Information provided:
*** Begin section ***
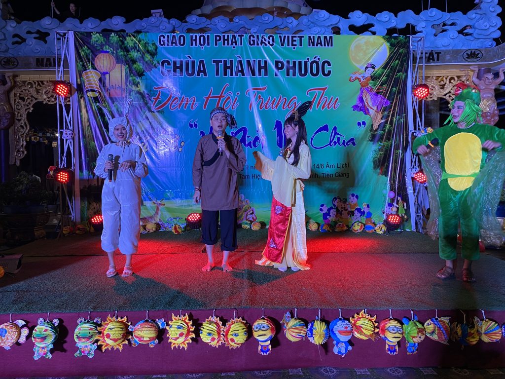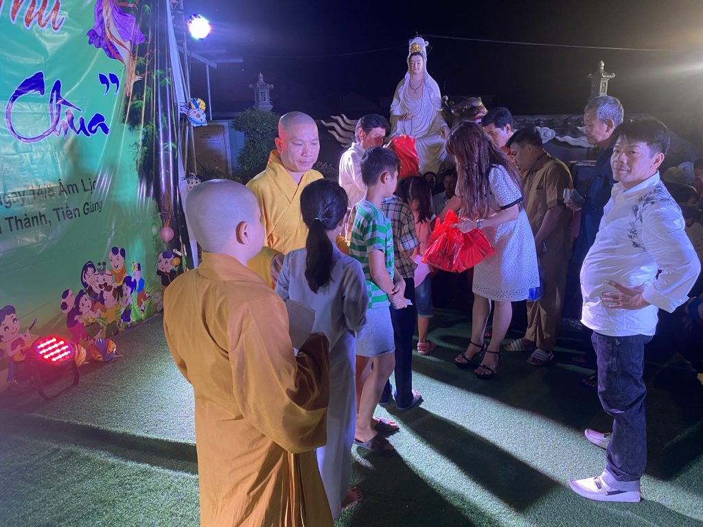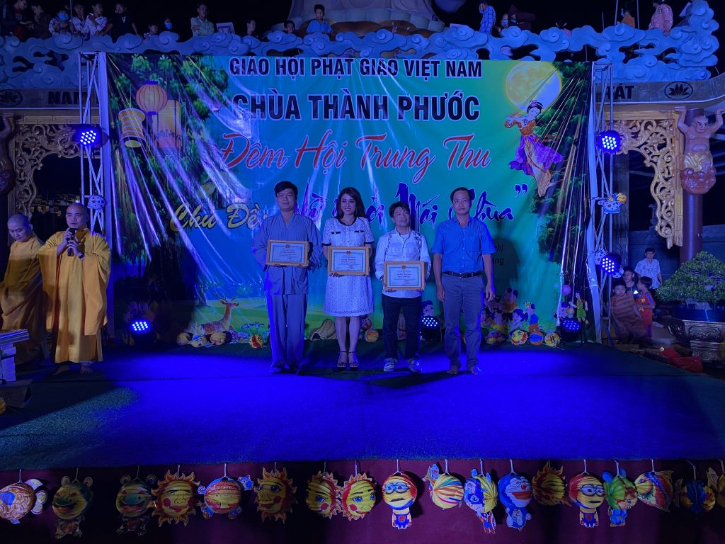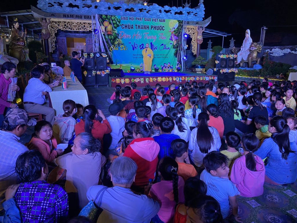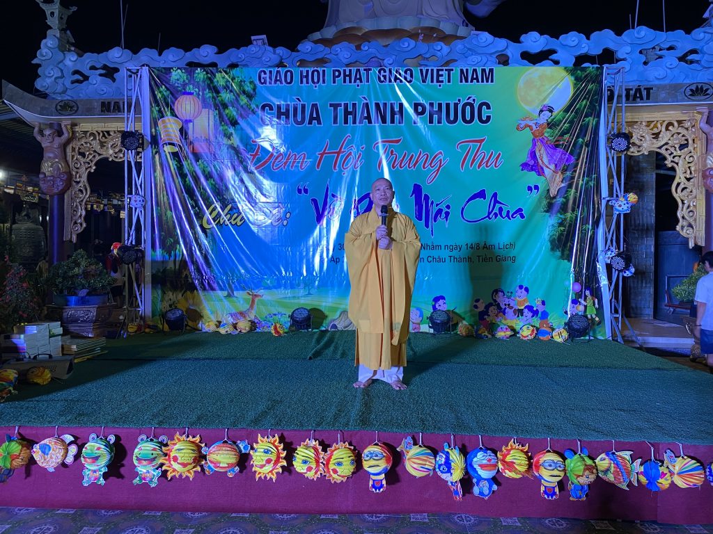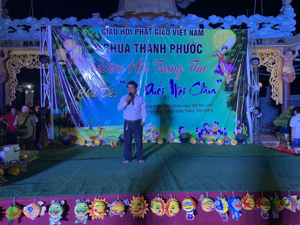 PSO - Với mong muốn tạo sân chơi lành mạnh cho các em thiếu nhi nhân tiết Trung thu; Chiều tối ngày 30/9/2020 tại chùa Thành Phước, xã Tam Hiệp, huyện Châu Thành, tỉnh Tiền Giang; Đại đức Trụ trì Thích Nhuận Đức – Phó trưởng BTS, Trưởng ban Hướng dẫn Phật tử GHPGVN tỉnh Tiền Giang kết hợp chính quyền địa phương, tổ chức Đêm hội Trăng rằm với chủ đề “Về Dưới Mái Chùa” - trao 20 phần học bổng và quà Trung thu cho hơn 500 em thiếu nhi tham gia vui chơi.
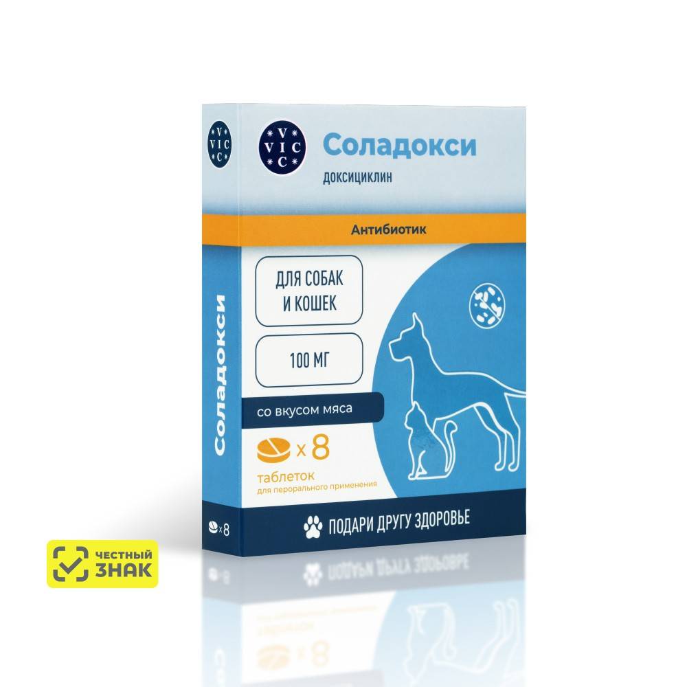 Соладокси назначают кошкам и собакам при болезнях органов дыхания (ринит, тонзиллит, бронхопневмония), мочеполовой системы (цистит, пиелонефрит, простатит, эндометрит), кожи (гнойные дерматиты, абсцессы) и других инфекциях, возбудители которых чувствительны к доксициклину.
*** End section ***
*** Begin section ***
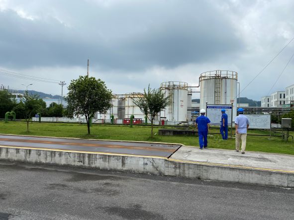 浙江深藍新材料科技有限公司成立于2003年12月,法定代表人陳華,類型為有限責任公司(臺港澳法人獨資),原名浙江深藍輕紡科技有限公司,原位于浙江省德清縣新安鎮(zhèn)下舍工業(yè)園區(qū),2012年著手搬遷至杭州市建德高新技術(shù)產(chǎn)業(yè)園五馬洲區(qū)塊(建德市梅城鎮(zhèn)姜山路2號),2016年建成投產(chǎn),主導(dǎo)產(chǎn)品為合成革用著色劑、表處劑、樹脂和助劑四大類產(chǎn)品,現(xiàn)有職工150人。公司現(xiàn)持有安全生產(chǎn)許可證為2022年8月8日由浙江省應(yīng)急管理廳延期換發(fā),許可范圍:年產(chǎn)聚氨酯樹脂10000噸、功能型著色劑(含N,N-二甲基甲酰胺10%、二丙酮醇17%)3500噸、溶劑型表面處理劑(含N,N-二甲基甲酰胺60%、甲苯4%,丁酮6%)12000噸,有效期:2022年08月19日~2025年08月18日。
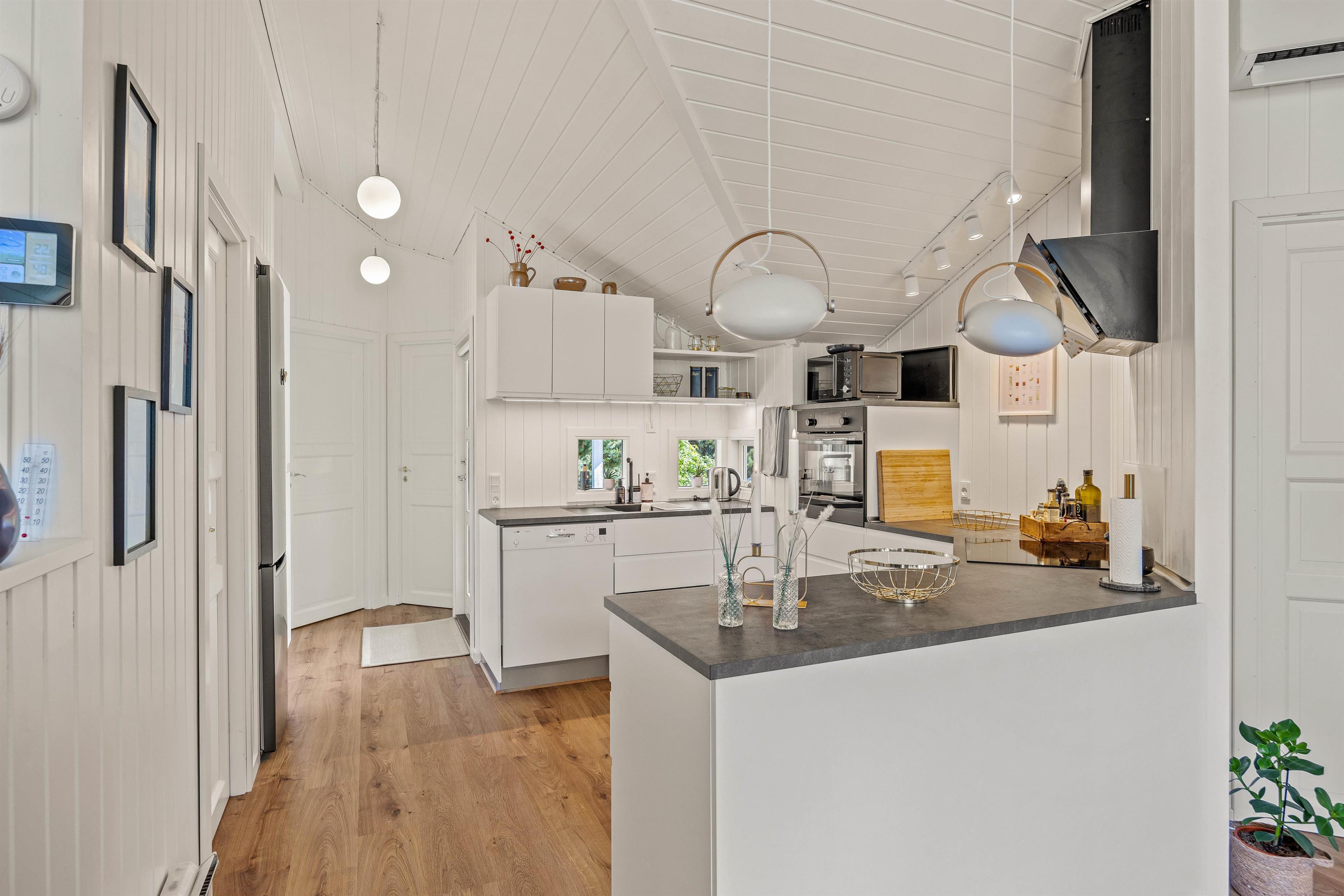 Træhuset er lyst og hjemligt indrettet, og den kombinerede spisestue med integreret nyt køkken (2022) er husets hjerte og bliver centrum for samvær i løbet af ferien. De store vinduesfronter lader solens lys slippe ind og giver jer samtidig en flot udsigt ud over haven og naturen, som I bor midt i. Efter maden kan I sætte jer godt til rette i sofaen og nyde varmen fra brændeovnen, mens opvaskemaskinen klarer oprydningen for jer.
*** End section ***
In the listing above, find the line with "浙江深藍新材料科技有限公司成" and output it and every line after it up to and including the line with "Træhuset er lyst", exactly, minus the pictures.

 浙江深藍新材料科技有限公司成立于2003年12月,法定代表人陳華,類型為有限責任公司(臺港澳法人獨資),原名浙江深藍輕紡科技有限公司,原位于浙江省德清縣新安鎮(zhèn)下舍工業(yè)園區(qū),2012年著手搬遷至杭州市建德高新技術(shù)產(chǎn)業(yè)園五馬洲區(qū)塊(建德市梅城鎮(zhèn)姜山路2號),2016年建成投產(chǎn),主導(dǎo)產(chǎn)品為合成革用著色劑、表處劑、樹脂和助劑四大類產(chǎn)品,現(xiàn)有職工150人。公司現(xiàn)持有安全生產(chǎn)許可證為2022年8月8日由浙江省應(yīng)急管理廳延期換發(fā),許可范圍:年產(chǎn)聚氨酯樹脂10000噸、功能型著色劑(含N,N-二甲基甲酰胺10%、二丙酮醇17%)3500噸、溶劑型表面處理劑(含N,N-二甲基甲酰胺60%、甲苯4%,丁酮6%)12000噸,有效期:2022年08月19日~2025年08月18日。
 Træhuset er lyst og hjemligt indrettet, og den kombinerede spisestue med integreret nyt køkken (2022) er husets hjerte og bliver centrum for samvær i løbet af ferien. De store vinduesfronter lader solens lys slippe ind og giver jer samtidig en flot udsigt ud over haven og naturen, som I bor midt i. Efter maden kan I sætte jer godt til rette i sofaen og nyde varmen fra brændeovnen, mens opvaskemaskinen klarer oprydningen for jer.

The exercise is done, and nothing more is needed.